Mathematics of synthetic data. III. Superregular random walks and private measures.

Roman Vershynin

UCI

Time:

Wednesday, June 1, 2022 - 2:00pm to 3:00pm

Location:

510R Rowland Hall

In this last talk of the series, we construct a superregular random walk. This will be done by modifying a standard construction of the Brownian motion. Then we will use it to create private synthetic data on the interval. Using sspace-filling curves will allow to extend the construction to higher dimensions. Joint work with March Boedihardjo and Thomas Strohmer, https://arxiv.org/abs/2204.09167

Mathematics of synthetic data. II. Random walks.

Roman Vershynin

UCI

Time:

Wednesday, May 25, 2022 - 2:00pm to 3:00pm

Location:

510R Rowland Hall

In this talk we will reduce the problem of constructing private synthetic data to a construction of a superregular random walk.
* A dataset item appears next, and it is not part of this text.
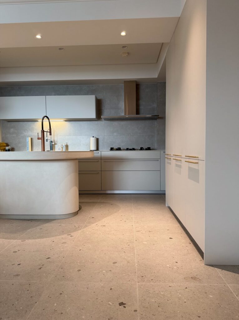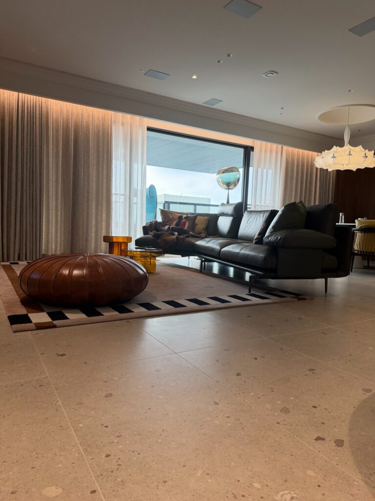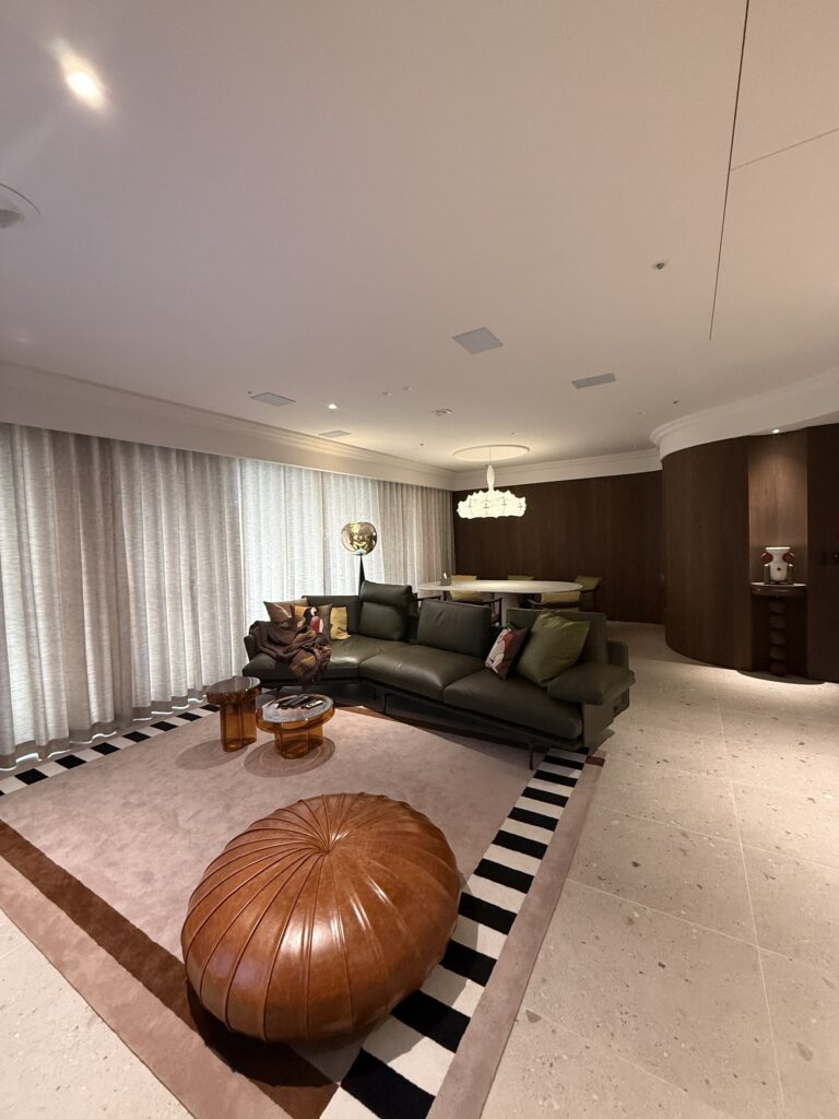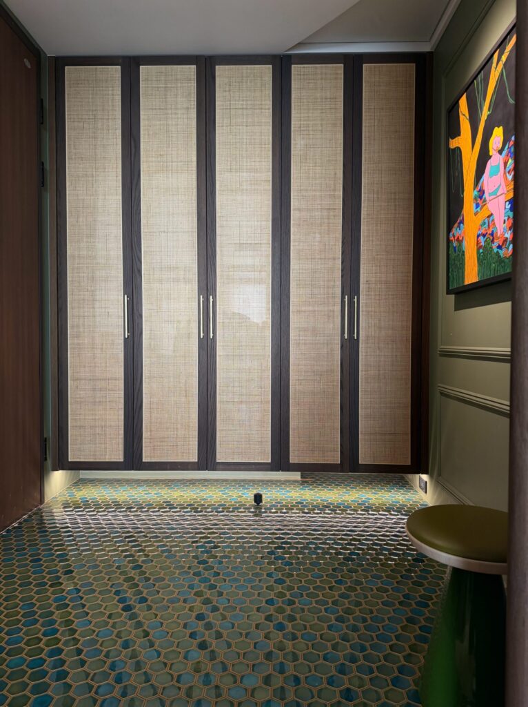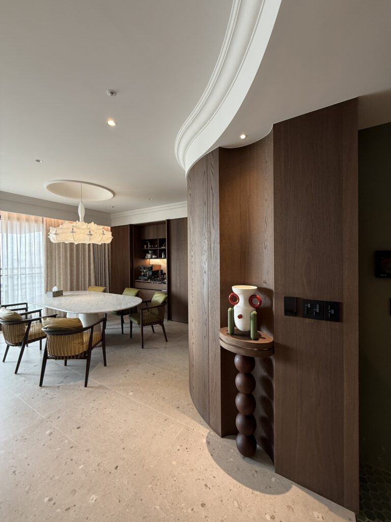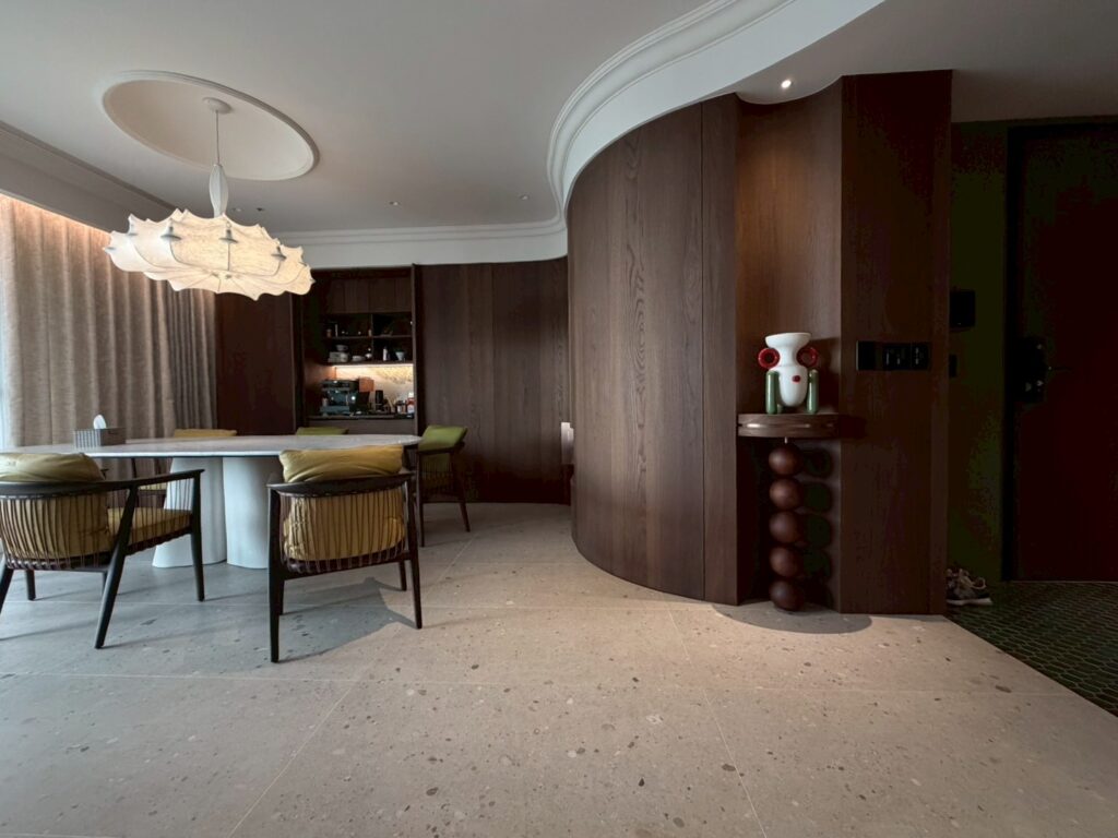 家的氣場往往由色系呈現,此案由藍綠窯變六角馬賽克將摩登的韻味投進視野,沿著弧形廊道入內,深胡桃木銜接著大面積義大利磨石磚,再以屋主的品味點綴上各式軟裝,將老派與奢華的氣場完美詮釋。

Such walk locally looks like a simple random walk, but which globally deviates from the origin much slower than the Brownian motion. Joint work with March Boedihardjo and Thomas Strohmer, https://arxiv.org/abs/2204.09167

Mathematics of synthetic data. I. Differential privacy.

Roman Vershynin

UCI

Time:

Wednesday, May 18, 2022 - 2:00pm to 3:00pm

Location:

510R Rowland Hall

This is a series of talks on synthetic data and its privacy. It is meant for beginners. In the first talk we will introduce the notion of differential privacy, construct a private mean estimator, and try (unsuccessfully) to construct a private measure.

Quantum Unique Ergodicity for generalized Wigner matrices

Lucas Benigni

Institution:

University of Chicago

Time:

Wednesday, May 11, 2022 - 2:00pm to 3:00pm

Location:

510R Rowland Hall

We prove a strong form of delocalization of eigenvectors for general large random matrices called Quantum Unique Ergodicity. These estimates state that the mass of an eigenvector over a subset of entries tends to the uniform distribution. We are also able to prove that the fluctuations around the uniform distribution are Gaussian for a regime of a subset of entries. The proof relies on new eigenvector observables studied dynamically through the Dyson Brownian motion combined with a novel bootstrap comparison argument.
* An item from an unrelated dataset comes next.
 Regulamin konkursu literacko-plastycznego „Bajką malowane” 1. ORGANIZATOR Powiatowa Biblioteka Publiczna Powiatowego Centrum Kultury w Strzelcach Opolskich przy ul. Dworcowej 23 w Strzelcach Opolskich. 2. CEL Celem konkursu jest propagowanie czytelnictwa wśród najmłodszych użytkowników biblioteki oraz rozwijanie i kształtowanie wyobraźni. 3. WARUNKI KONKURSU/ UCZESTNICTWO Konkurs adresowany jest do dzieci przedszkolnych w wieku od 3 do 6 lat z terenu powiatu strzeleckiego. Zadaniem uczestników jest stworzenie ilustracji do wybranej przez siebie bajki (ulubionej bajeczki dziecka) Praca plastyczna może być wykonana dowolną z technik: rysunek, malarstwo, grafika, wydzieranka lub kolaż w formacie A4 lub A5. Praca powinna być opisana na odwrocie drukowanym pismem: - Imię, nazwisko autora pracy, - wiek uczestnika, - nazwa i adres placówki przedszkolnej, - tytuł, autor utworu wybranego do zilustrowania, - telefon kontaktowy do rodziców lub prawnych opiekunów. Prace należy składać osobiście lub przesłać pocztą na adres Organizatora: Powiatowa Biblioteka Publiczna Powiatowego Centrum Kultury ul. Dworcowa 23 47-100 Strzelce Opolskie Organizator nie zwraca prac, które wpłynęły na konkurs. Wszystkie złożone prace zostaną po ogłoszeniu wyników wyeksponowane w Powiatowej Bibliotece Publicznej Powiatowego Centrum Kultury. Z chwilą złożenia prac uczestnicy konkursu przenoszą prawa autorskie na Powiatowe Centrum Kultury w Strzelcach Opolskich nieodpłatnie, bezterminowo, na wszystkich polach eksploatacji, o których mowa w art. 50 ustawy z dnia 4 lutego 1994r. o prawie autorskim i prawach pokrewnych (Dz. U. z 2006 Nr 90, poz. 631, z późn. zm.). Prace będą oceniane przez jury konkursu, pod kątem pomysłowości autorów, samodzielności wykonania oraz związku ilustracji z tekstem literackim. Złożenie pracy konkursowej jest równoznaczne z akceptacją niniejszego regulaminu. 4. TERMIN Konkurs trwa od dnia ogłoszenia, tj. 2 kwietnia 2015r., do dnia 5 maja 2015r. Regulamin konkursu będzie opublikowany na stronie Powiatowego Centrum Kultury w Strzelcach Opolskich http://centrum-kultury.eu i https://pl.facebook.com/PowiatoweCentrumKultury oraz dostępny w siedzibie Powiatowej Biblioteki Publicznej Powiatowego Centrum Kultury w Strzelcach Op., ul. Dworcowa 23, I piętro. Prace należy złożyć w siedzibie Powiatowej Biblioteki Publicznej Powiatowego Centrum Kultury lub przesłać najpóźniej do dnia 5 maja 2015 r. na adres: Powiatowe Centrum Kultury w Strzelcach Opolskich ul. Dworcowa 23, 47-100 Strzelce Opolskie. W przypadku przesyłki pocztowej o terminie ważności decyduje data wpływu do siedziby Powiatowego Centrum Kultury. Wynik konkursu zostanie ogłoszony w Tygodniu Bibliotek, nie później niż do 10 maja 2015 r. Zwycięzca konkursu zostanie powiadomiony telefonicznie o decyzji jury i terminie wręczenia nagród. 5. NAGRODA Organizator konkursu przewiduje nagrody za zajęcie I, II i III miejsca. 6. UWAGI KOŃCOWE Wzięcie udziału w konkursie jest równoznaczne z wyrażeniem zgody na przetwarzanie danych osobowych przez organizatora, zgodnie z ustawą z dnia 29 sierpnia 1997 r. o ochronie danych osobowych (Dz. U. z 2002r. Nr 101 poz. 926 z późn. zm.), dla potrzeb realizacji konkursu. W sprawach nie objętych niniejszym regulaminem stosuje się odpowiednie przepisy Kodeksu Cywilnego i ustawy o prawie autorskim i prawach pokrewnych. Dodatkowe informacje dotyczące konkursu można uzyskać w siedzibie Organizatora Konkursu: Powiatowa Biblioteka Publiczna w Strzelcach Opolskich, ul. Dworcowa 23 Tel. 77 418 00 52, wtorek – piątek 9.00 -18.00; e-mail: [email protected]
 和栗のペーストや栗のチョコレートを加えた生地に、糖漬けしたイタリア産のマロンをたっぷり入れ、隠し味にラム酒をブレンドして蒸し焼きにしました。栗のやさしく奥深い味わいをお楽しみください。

On some aspects of wave propagation in random media

Knut Solna

UCI

Time:

Wednesday, April 20, 2022 - 2:00pm to 3:00pm

Location:

510R Rowland Hall

I will discuss some aspects of and approaches to modeling waves in random media.  When waves travel through complex media like the turbulent atmosphere, they are affected by the fluctuations in the medium.  The medium may be too complex to describe point-wise and it is convenient to model in terms of a random medium. One then wants to analyze how the wave field is affected by the medium fluctuations and I will discuss this challenge.

Counting Hamiltonian \ell-Cycles in Dense Hypergraphs

Liam Hardiman

UCI

Time:

Wednesday, February 23, 2022 - 2:00pm to 3:00pm

Location:

340 N Rowland Hall

A classical theorem of Dirac states that any graph on n vertices with minimum degree at least n/2 contains a Hamiltonian cycle, an edge-traversing cycle that visits each vertex in the graph exactly once. Since Dirac's theorem, researchers have found lower bounds on the number of Hamiltonian cycles a graph contains as a function of its minimum degree. These bounds aren't too far away from what one would expect to see in a typical random graph with appropriate edge probability. Here we contribute to the line of research that seeks to extend these results to k-uniform hypergraphs, where cycles are now chains of edges whose consecutive links overlap with one another in some fixed number, \ell, of vertices. We show that the number of so-called \ell-cycles in hypergraphs with sufficiently high co-degree is at least, up to a sub-exponential factor, what one would expect to see in a typical random hypergraph with appropriate (hyper)edge probability.

Joint work with Asaf Ferber and Adva Mond (University of Cambridge).